Das grundlegende Motiv für dieses Moratorium ist die Sorge um die Einheit der Kirche, die auf der Einheit der Bischöfe in Gemeinschaft und Gehorsam gegenüber Petrus beruht. Die Befürwortung dieses umstrittenen Vorschlags durch einen Episkopat in Schwierigkeiten würde noch mehr Zweifel und Verwirrung unter dem Volk Gottes säen. Angesichts des ökumenischen Szenariums und der durch Kriege zerrütteten weltweiten geopolitischen Lage ist zu erwarten, dass eine weitere Verbreitung dieses Vorschlags die Probleme, die er beheben soll, nicht lösen würde: die massive Abwanderung der Gläubigen aus der Kirche, den Exodus der Jugend, die sogenannten »systemischen Ursachen« des Missbrauchs, die Vertrauenskrise der Gläubigen.
Der größte Mangel dieses Vorschlags ist vielleicht ein gewisser apologetischer Ansatz, der sich auf kulturelle Veränderungen stützt, anstatt auf die erneuerte Verkündigung des Evangeliums.
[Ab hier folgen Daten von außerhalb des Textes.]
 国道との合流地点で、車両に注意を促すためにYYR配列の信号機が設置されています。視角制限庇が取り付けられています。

Sie besitzen Gold und Silber, Wissenschaft und weithin anerkanntes Ansehen, und gehen mit allem großzügig um, aber vergessen Sie nicht, kraftvoll und einfach den Glauben an Jesus Christus zu bezeugen, was Ihre Gläubigen dringend erbitten.
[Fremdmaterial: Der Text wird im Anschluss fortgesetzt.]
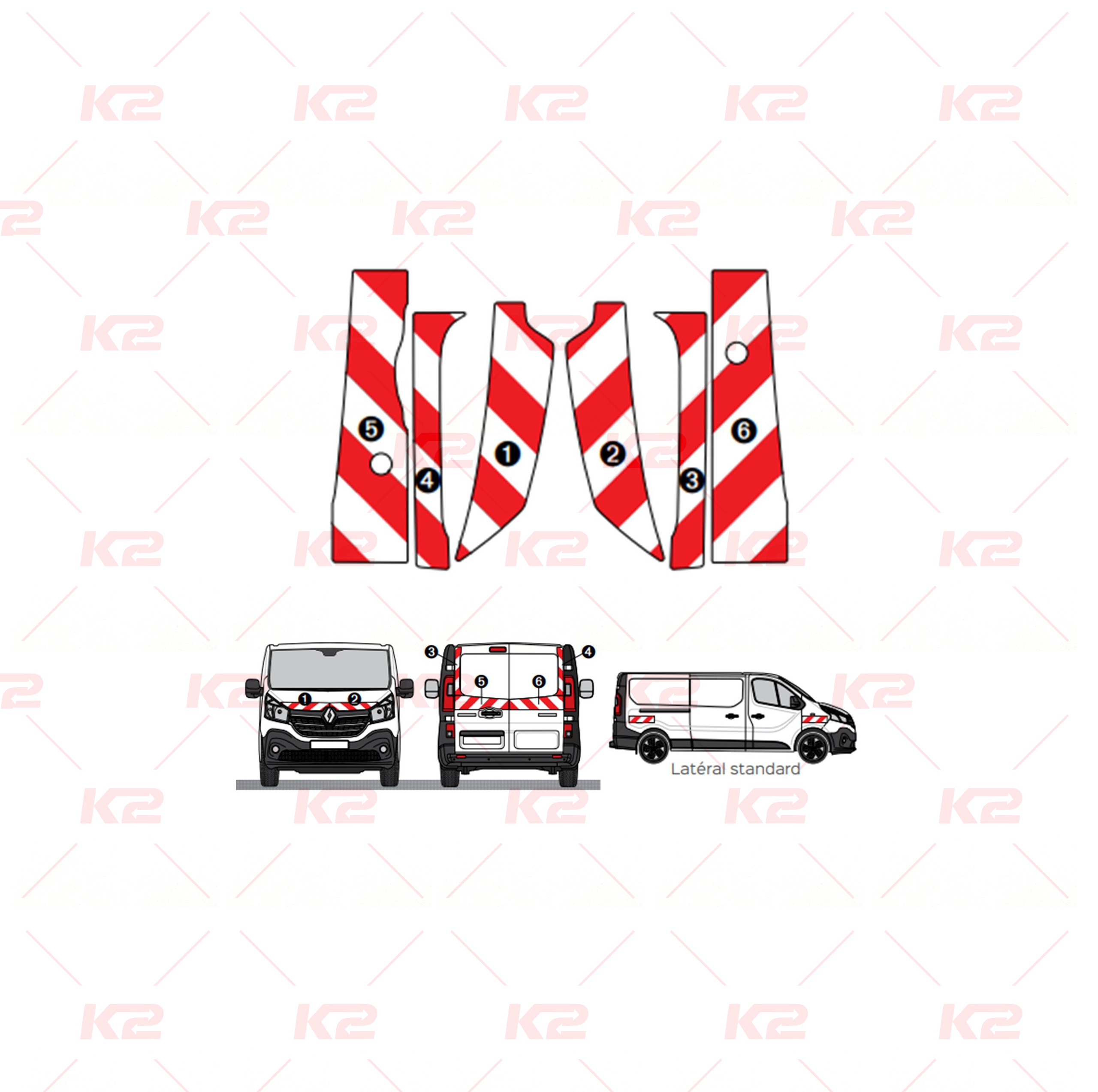 Kit balisage dédié au Renault Trafic, incluant des bandes rétroréfléchissantes à microbilles,

Mit dem Beispiel und der Lehre von Papst Franziskus können wir zum Geist der Apostelgeschichte zurückkehren: vor allem Jesus Christus schenken, im Hinblick auf den Wunsch nach Heilung und Bekehrung unseres Volkes und unserer selbst. Wir sollten nicht so tun, als seien kulturelle oder institutionelle Lösungen unverzichtbar, um die Gestalt Jesu glaubwürdig zu machen, auch wenn sie von unvollkommenen Amtsträgern vorgebracht wird, sondern wir sollten auf die göttliche Gnade und Barmherzigkeit vertrauen. Das ist die anfängliche Botschaft von Papst Franziskus, die jetzt aufgegriffen und auf die Überprüfung der Ergebnisse des Synodalen Weges angewendet werden müsste.